Fungal dreams and nightmares.

Cover of Urbis Morpheos by Stephen Palmer

After finishing and really enjoying Palmer’s latest novel, Hairy London, I thought I’d give his previous book, Urbis Morpheos, another try.

I’d made several prior attempts at this far-future tale of environmental conflict, but each time I’d scaled the foothills of the first few chapters only to decide that it was confusing – clever – but confusing, and deserved to be considered when I was more awake. Or more intelligent.

Some time far in the future (if the jacket suggests a million years then the text never mentions it, and that seems a foolishly long anyway) a prisoner escapes from her imprisonment and returns to her home through a nightmarish and vastly changed Terran landscape. She then goes on a quest, possibly two quests, to understand and repair the ecological horrors that imperil the Earth and reconcile the conflict that endangers it.

Laid bare, like that, the plot seems simple, traditional almost. It’s more interesting than that – she is an outcast, outsider, and the conflict endangering Urbis Morpheos, both city and world, it seems, is a conflict between two ecologies wrestling for supremacy – the natural, green, gaian ecology, and what is termed the “manufacturing ecosystem”, but which is so much more than that unusual phrase implies – a whole alternative ecosystem of machines – nan-ites, articial intelligences, artificial beings, intent on a resource-intensive development of the world. Manufactured life, rampant, is the main threat to the “natural” world, but also seems to mimic it – there are machine equivalents to every aspect of natural life, some almost indistinguishable.

It still seems an obviously binary opposition, an extrapolation of the tension between the capitalist appetite for natural resources and the green desire for conservation, but, even if the conclusion is a tad didactic, Palmer develops it slowly in the novel, introducing the machine beings first and gradually introducing the collision of the two ecosystems as the source of conflict. The “natural” in this future is largely fungal, and as Gwyneth Jones points out in her lovely introduction (and she uses the term “Greenpunk” which is rather nice) knowledge and information is transferred by the consumption of mushrooms… But the Manufactured have their own equivalent to the mushrooms, wrealities.

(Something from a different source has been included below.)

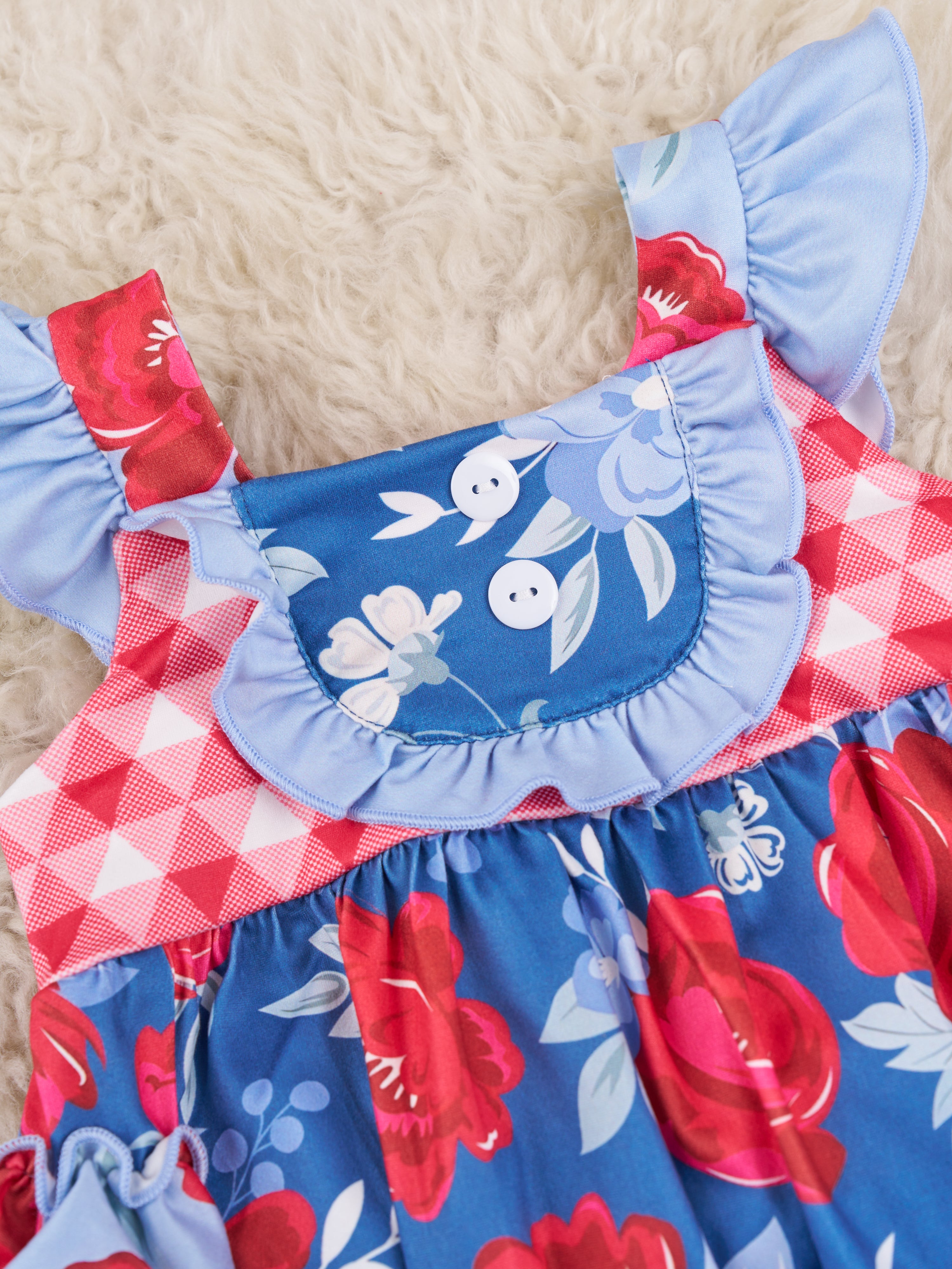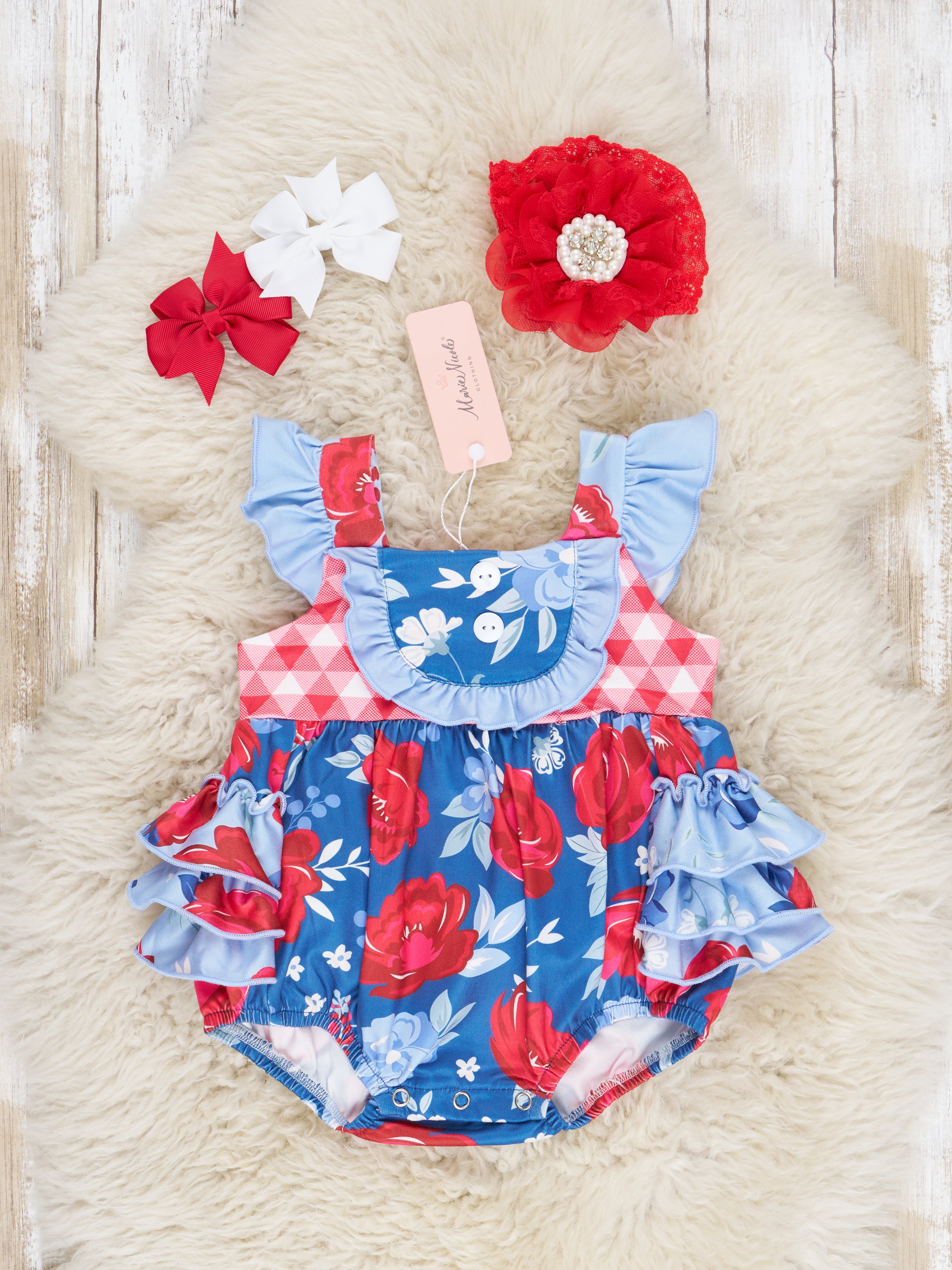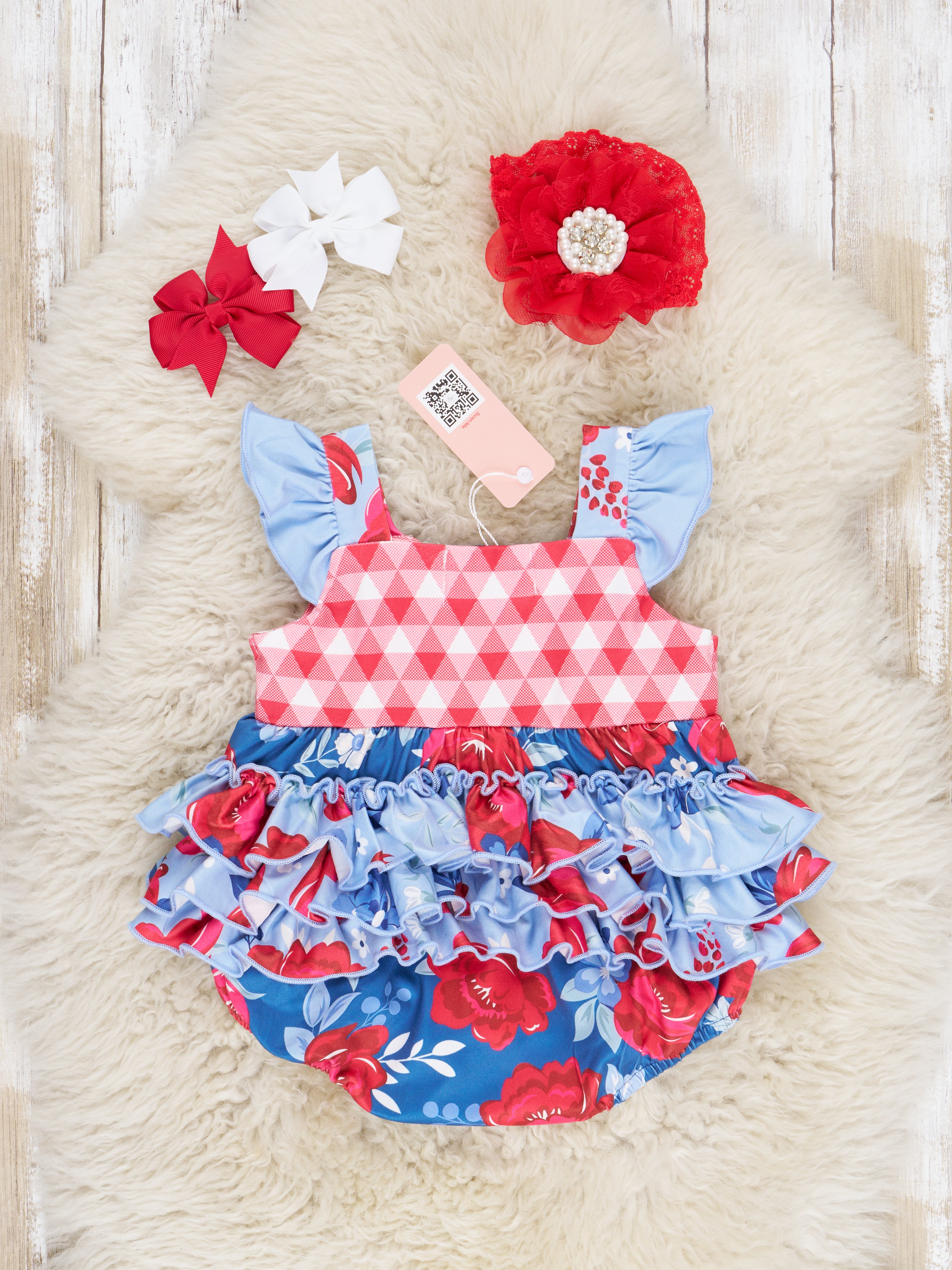 Introducing the perfect pick for your little cuties: the Red & Blue Rose Ruffle Bubble! This sassy sister set features a bold red, white, and blue floral pattern of roses and sweet ruffles.

Tales of the far future like this, where scientific advance is indistinguishable from the fantastic often bears comparison with Gene Wolfe’s Book of the New Sun, and most attempts don’t stand up well. I’m happy to declare that Urbis Morpheos is closer than David Zindell’s interminable Neverness sequels (though I do like the original novel) in this respect. Like Wolfe, Palmer plays narrative games with us, and while they enhance and please the reader, he never seems quite in control of them.

We are given, early on, chapters with three distinct sections – an unidentified first person narrative, and two third-person narratives. The first is about Psolilai and her travels to find an object of (technological) power that can heal the world; the second is about psolilai (lower case) – seemingly the same character, with the same companions, but in a different adventure trying to uncover the mystery of who rules a section of the city and how they are interacting with machine intelligences.

But there are no markers between each section, or indication of how they relate to each other. Later whole chapters alternate between Psolilai and psolilai and the two stories run in parallel, occasionally overlapping – it is hinted that one dreams the other – but never quite intersecting, before the first person voice returns at the conclusion. Now I’m in two minds about these techniques – I’m all in favour of keeping the reader confused and bemused, but in a work as tricky as this, it would have been better to add some structure and organisation, perhaps only typographic, or in the structure of chapters, to guide the reader through. Palmer also throws in some games in the time scheme – at one point a character pops up just to fill in what has happened offstage, but it only serves to confuse the relationship between the Psolilai and psolilai stories because it suggests that one of the narrative strands takes place later than the other.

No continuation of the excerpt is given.